An improper neutralisation of active SVG content in OTRS ticket article rendering allows attackers to inject specially crafted SVG payloads through email content, triggering browser‑side resource exhaustion and resulting in a denial‑of‑service when a ticket is opened by an agent or customer. The flaw is a type of input validation weakness (CWE‑400 and CWE‑791) and can be exploited without executing JavaScript, rendering content‑security‑policy settings ineffective.

The vulnerability affects OTRS AG Community Edition and the Enterprise edition, including 7.0.X, 8.0.X, 2023.X, 2024.X, 2025.X, and all 2026.X releases prior to 2026.4.X. Community Edition 6.x and earlier are also vulnerable, as are products that build on the Community Edition. In all cases, the issue arises when tickets containing email‑supplied SVG content are displayed to users.
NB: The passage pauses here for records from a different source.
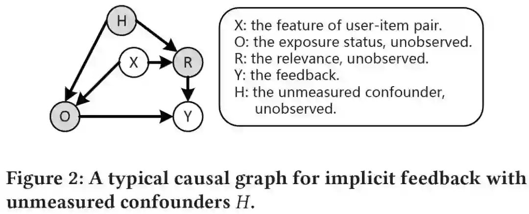 方法。众所周知,双稳健方法及其变体在显性反馈的无偏学习中取得了最先进的性能,而且许多新的算法和模型结构被设计用来提高DR方法的性能。因此,开发隐性反馈的DR方法是必要的;(2)没有一个方法可以解决未测量的混杂因素。由于各种原因,如技术困难或隐私限制,未测量的混杂因素是推荐系统中不可避免的问题。我们的理论分析表明,当未测量的混杂因素存在时,基于倾向得分的去偏方法是有偏差的,因此在推荐系统中开发一种对抗未测量的混杂因素的方法至关重要。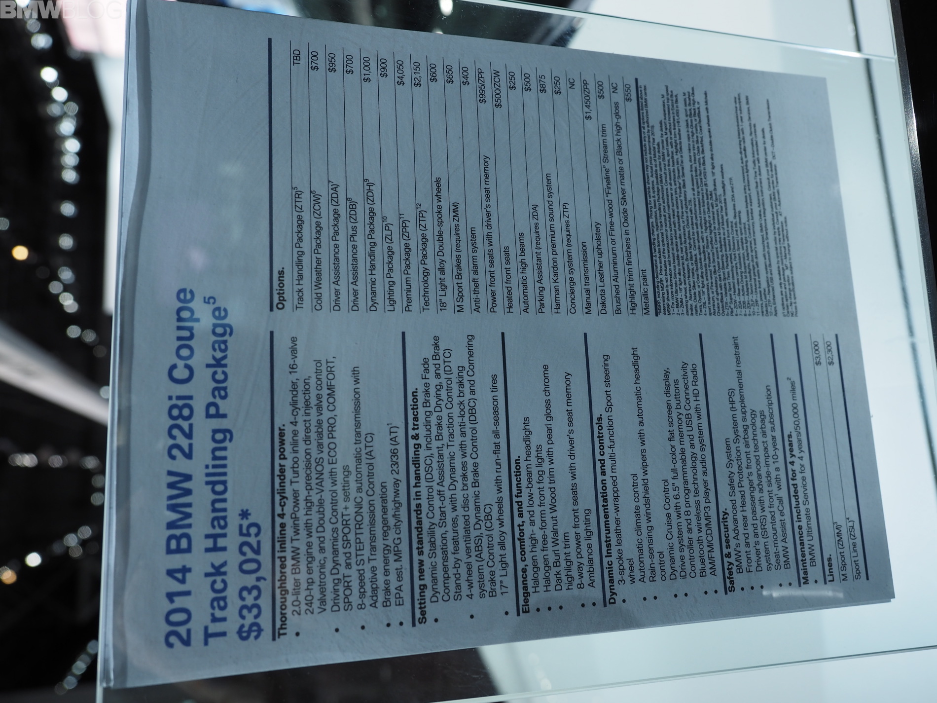 The package will be available from July 2014 (production) for both 6-speed manual and 8-speed Sport Automatic transmission-equipped BMW 228i Coupe models. The Track Handling Package may be added to any 228i Coupe during the vehicle ordering process.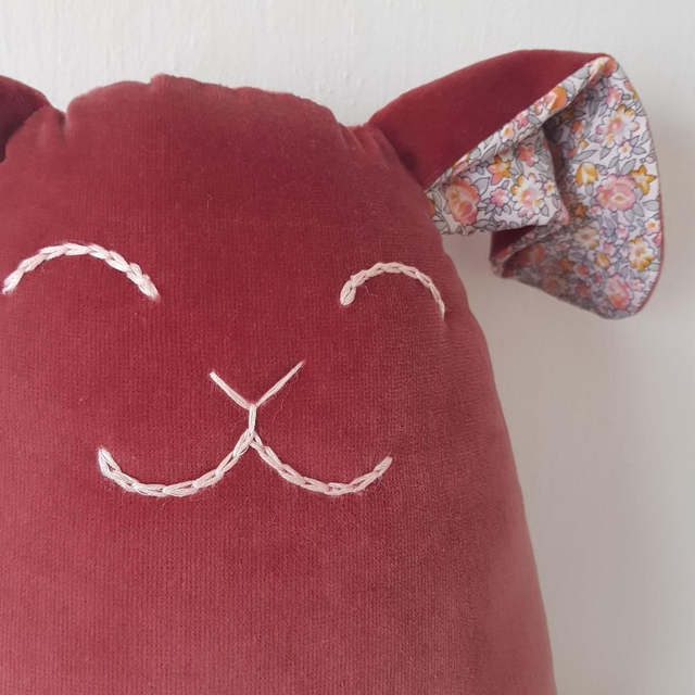 Vous pouvez choisir d'offrir ce doudou-coussin avec la broderie d'un prénom au dos.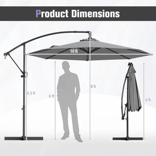 SlickBlue 10 Feet Offset Hanging Umbrella with Base and Infinite Tilt-Grey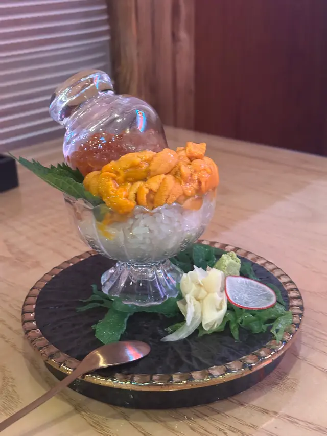 今晚我約咗外甥女,趁她回澳洲之前一起享受一頓美味的日本菜。呢間居酒屋🏮的裝修以日式木系為主,特別的是有榻榻米的食區,給人感受到濃厚的日本氣氛。店員服務態度非常友善。我們點了滿滿海膽杯,鮮美的海膽和魚子鋪滿壽司飯,用澎湃來形容😄😄接著是雞串燒盛盒,裡面有雞翼、雞髀肉、雞肉棒、雞皮和雞腎,五種口味都不同,燒烤得啱啱好;吉列童星蝦更讓我回到童年,外酥內嫩,配搭童心麵炸成的蝦,趣味十足。鯛魚高湯雜炊的湯底鮮甜,讓人一口接一口地想喝。芝士醬厚燒玉子則濃郁可口,完美的配搭;椎茸紫蘇豚肉卷和芫荽豚肉卷各有風味,食得好滿足。最後,仲有牛油果山葵漬,我第一次試這種吃法,好味😋飲品方面,我們選擇了巨峥梳打和飛雪蜜瓜梳打,清爽可口。今晚的聚會既開心又充滿美食的樂趣,真是打卡一流,樂而忘返!…查看更多

With a CVSS score of 6.5 the vulnerability is considered moderate. EPSS score data is unavailable, and the vulnerability is not listed in the CISA KEV catalog, indicating it has not yet been widely exploited in the wild. Attackers can trigger the denial‑of‑service by sending or embedding malicious SVG content in ticket emails; any user who opens the impacted ticket may trigger the resource exhaustion. Because the flaw does not require JavaScript execution or special privileges, it can be leveraged by unauthenticated web or email users who can prompt a ticket view.